TRY IT: Your answer must be the lines of the material below, exactly as written, from its first line through the line with "ಉಡುಪಿ : ಭಾರತೀಯ", and no pictures.

EXERCISE DATA:
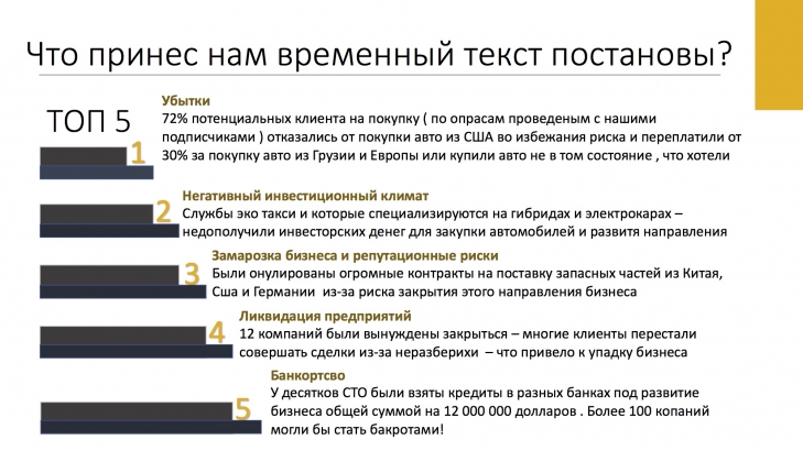 Между тем, как отметил соучредитель ассоциации Владимир Ковель, за время с момента обнародования постановления (февраль 2020 года) произошли негативные изменения, в частности, согласно проведенным ими опросам, около 72% потенциальных клиентов отказались от покупки авто из США во избежание риска и переплатили от 30% за покупку авто из Грузии и Европы или купили авто не в том состоянии, как хотелось.
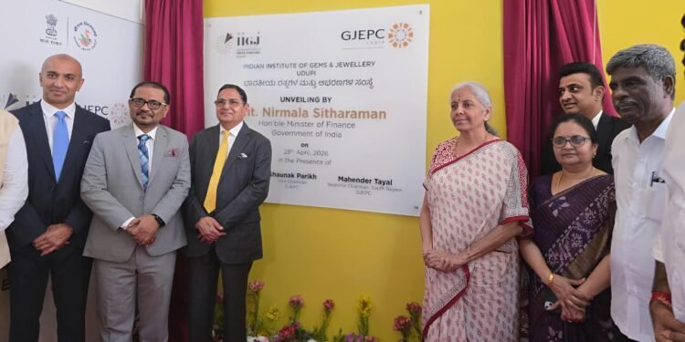 ಉಡುಪಿ : ಭಾರತೀಯ ರತ್ನಗಳ ಮತ್ತು ಆಭರಣ ಸಂಸ್ಥೆಯ (ಐಐಜಿಜೆ) ನೂತನ ಕಚೇರಿ ಉದ್ಘಾಟನೆಯನ್ನು ಇಂದು (ಏ.28) ಕೇಂದ್ರ ವಿತ್ತ ಸಚಿವೆ ನಿರ್ಮಲಾ ಸೀತಾರಾಮನ್ ನೆರವೇರಿಸಿದ್ದಾರೆ.
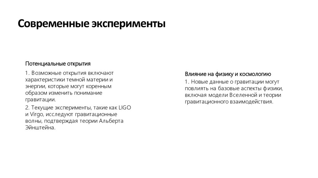 2. Текущие эксперименты, такие как LIGO

OUTPUT OF THE EXERCISE:
 Между тем, как отметил соучредитель ассоциации Владимир Ковель, за время с момента обнародования постановления (февраль 2020 года) произошли негативные изменения, в частности, согласно проведенным ими опросам, около 72% потенциальных клиентов отказались от покупки авто из США во избежание риска и переплатили от 30% за покупку авто из Грузии и Европы или купили авто не в том состоянии, как хотелось.
 ಉಡುಪಿ : ಭಾರತೀಯ ರತ್ನಗಳ ಮತ್ತು ಆಭರಣ ಸಂಸ್ಥೆಯ (ಐಐಜಿಜೆ) ನೂತನ ಕಚೇರಿ ಉದ್ಘಾಟನೆಯನ್ನು ಇಂದು (ಏ.28) ಕೇಂದ್ರ ವಿತ್ತ ಸಚಿವೆ ನಿರ್ಮಲಾ ಸೀತಾರಾಮನ್ ನೆರವೇರಿಸಿದ್ದಾರೆ.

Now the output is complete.